WHAT IS BEING ASKED.
Beginning with the line that contains "latest model refrigerator…" and ending with the line that contains "하이퍼케이스 귀여운 스위치", reproduce the lines of the entries below exactly, omitting pictures.

DATASET RECORDS.
───
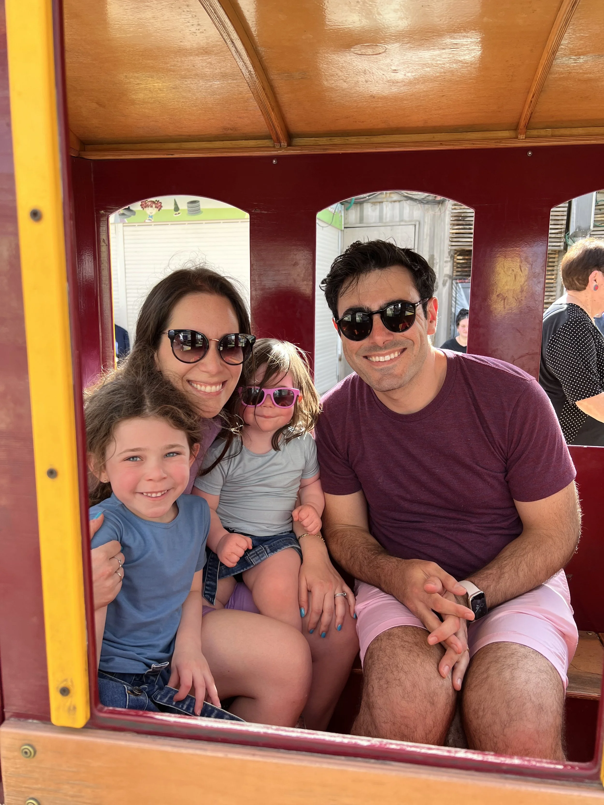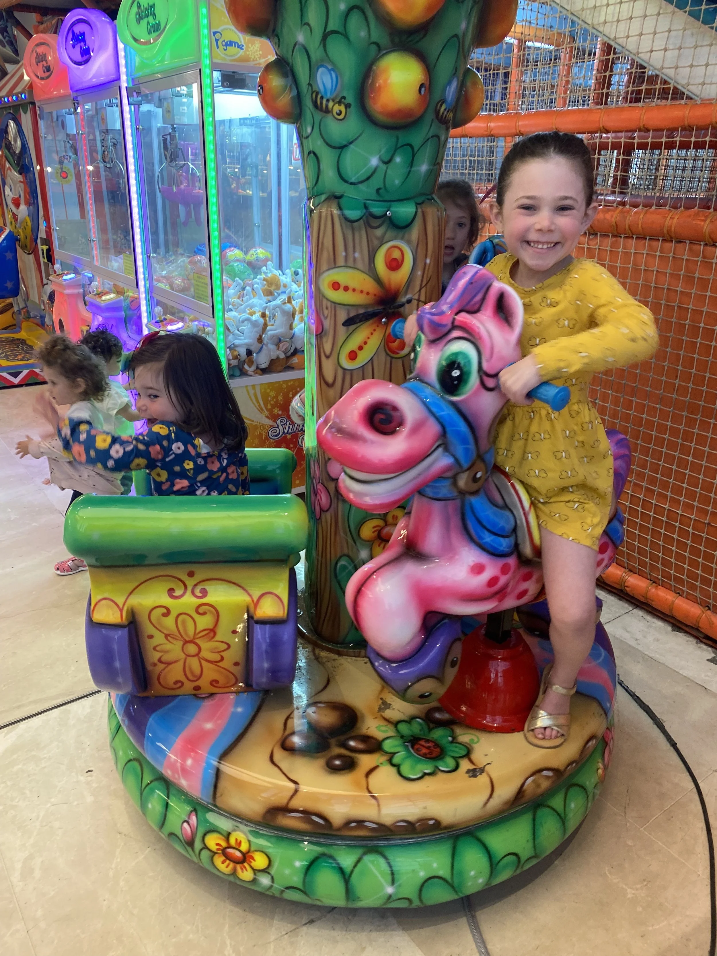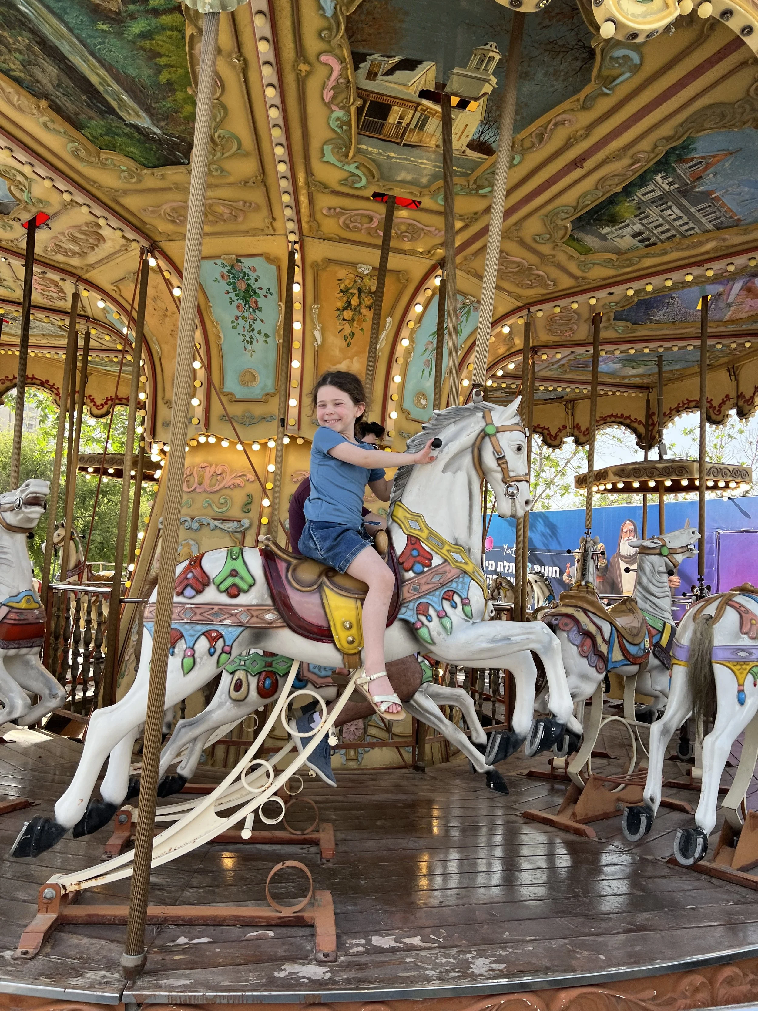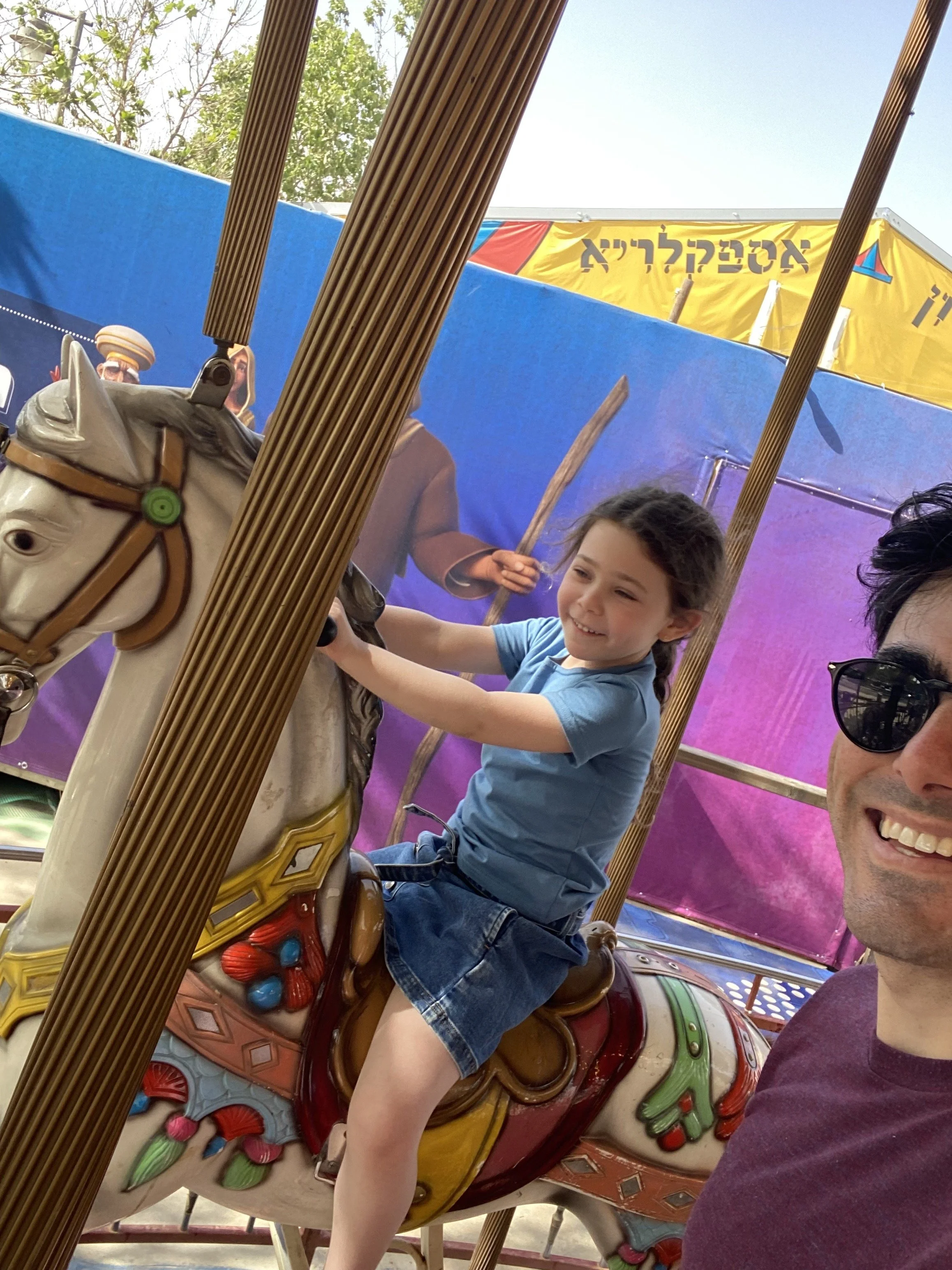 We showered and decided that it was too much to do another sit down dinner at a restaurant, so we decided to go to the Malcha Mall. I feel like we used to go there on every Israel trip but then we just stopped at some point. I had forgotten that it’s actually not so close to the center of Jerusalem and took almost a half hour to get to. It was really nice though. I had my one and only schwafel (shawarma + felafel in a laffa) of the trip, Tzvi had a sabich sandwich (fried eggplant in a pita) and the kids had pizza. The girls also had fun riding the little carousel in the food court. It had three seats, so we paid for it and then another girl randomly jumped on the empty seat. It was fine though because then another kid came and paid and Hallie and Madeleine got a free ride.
───
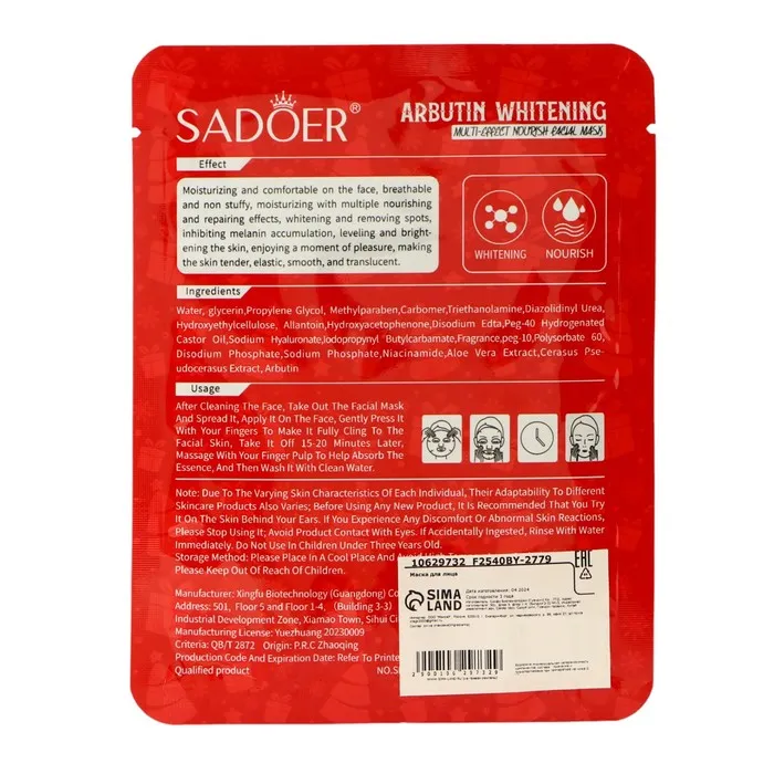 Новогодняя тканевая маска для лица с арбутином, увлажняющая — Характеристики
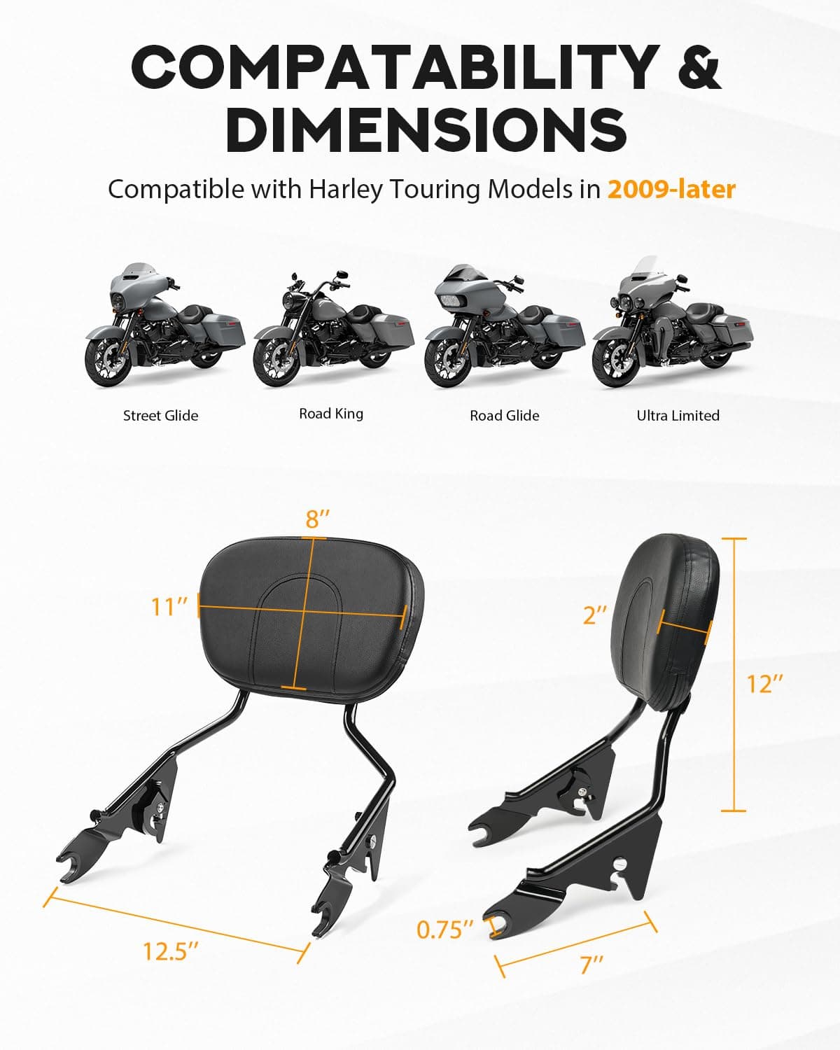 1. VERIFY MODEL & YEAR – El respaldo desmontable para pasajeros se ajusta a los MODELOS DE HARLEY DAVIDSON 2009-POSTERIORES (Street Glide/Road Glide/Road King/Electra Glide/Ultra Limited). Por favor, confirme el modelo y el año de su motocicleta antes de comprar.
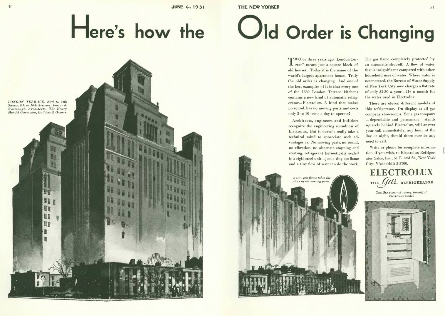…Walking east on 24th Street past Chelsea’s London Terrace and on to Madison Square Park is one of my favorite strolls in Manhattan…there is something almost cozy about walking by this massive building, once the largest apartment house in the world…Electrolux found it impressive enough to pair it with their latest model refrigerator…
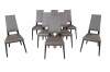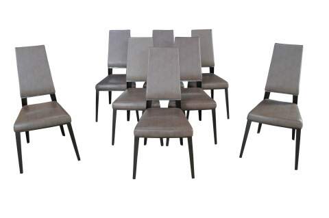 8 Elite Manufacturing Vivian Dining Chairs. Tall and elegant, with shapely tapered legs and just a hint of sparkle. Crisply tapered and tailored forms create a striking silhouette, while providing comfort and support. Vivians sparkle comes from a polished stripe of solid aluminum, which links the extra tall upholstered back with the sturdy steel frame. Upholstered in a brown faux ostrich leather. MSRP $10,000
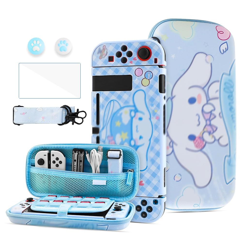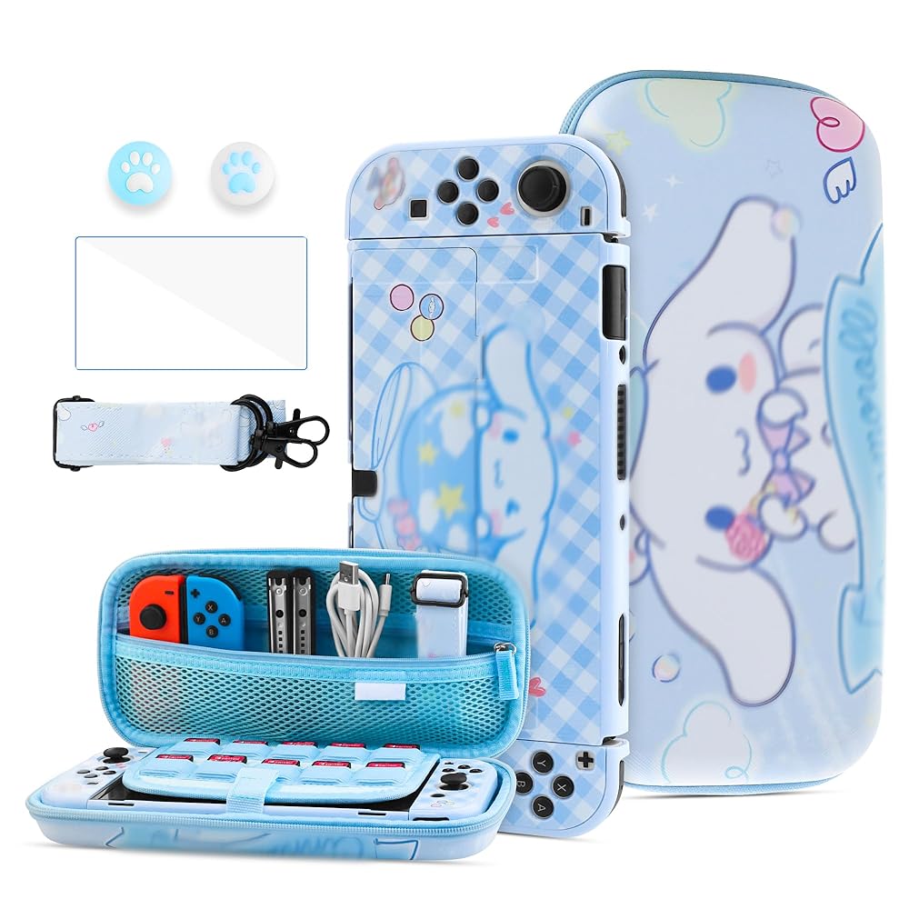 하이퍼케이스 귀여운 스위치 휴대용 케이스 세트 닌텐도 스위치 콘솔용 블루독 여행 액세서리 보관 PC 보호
───
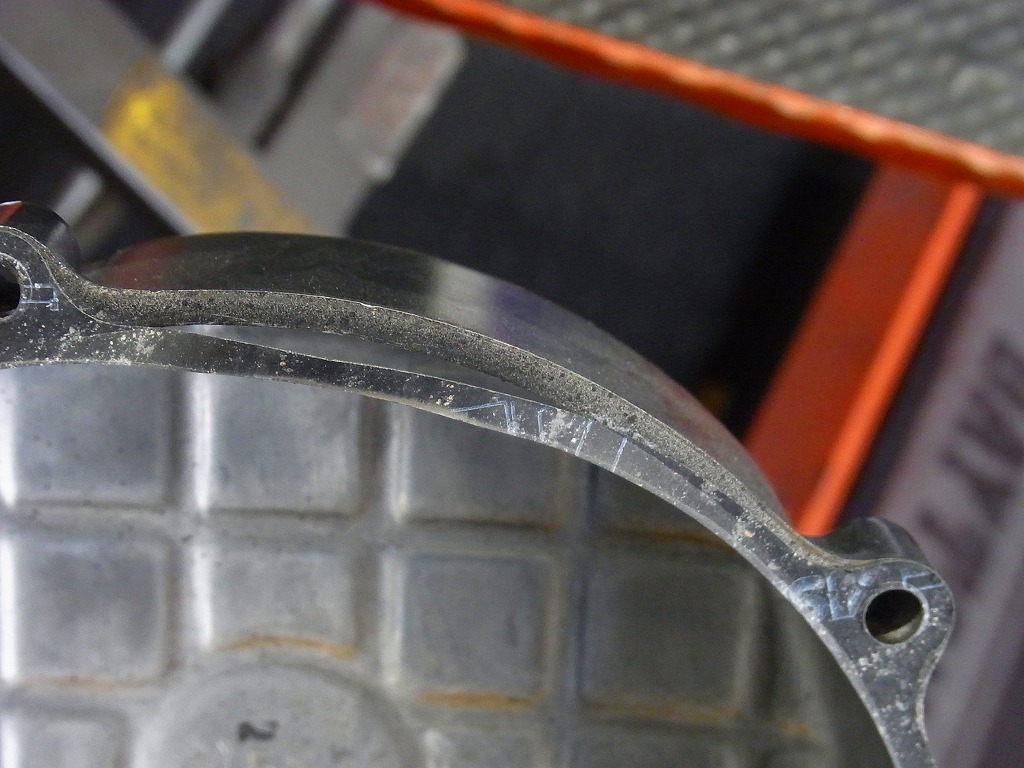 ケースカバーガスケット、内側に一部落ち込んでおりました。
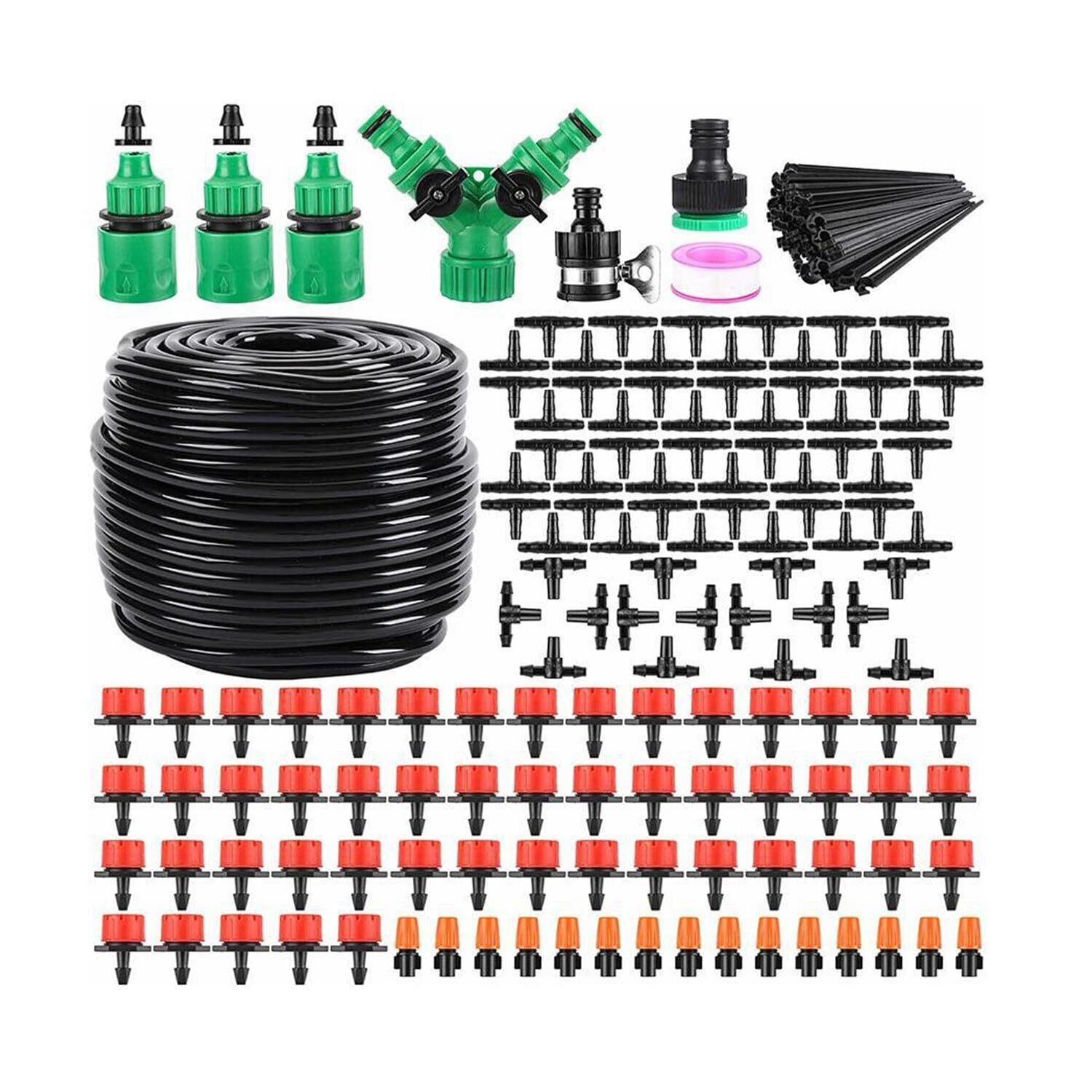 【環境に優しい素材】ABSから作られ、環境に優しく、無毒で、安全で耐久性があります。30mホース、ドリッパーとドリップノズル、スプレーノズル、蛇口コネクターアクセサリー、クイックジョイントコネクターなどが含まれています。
───
RESPONSE BOX.
…Walking east on 24th Street past Chelsea’s London Terrace and on to Madison Square Park is one of my favorite strolls in Manhattan…there is something almost cozy about walking by this massive building, once the largest apartment house in the world…Electrolux found it impressive enough to pair it with their latest model refrigerator…
 8 Elite Manufacturing Vivian Dining Chairs. Tall and elegant, with shapely tapered legs and just a hint of sparkle. Crisply tapered and tailored forms create a striking silhouette, while providing comfort and support. Vivians sparkle comes from a polished stripe of solid aluminum, which links the extra tall upholstered back with the sturdy steel frame. Upholstered in a brown faux ostrich leather. MSRP $10,000
 하이퍼케이스 귀여운 스위치 휴대용 케이스 세트 닌텐도 스위치 콘솔용 블루독 여행 액세서리 보관 PC 보호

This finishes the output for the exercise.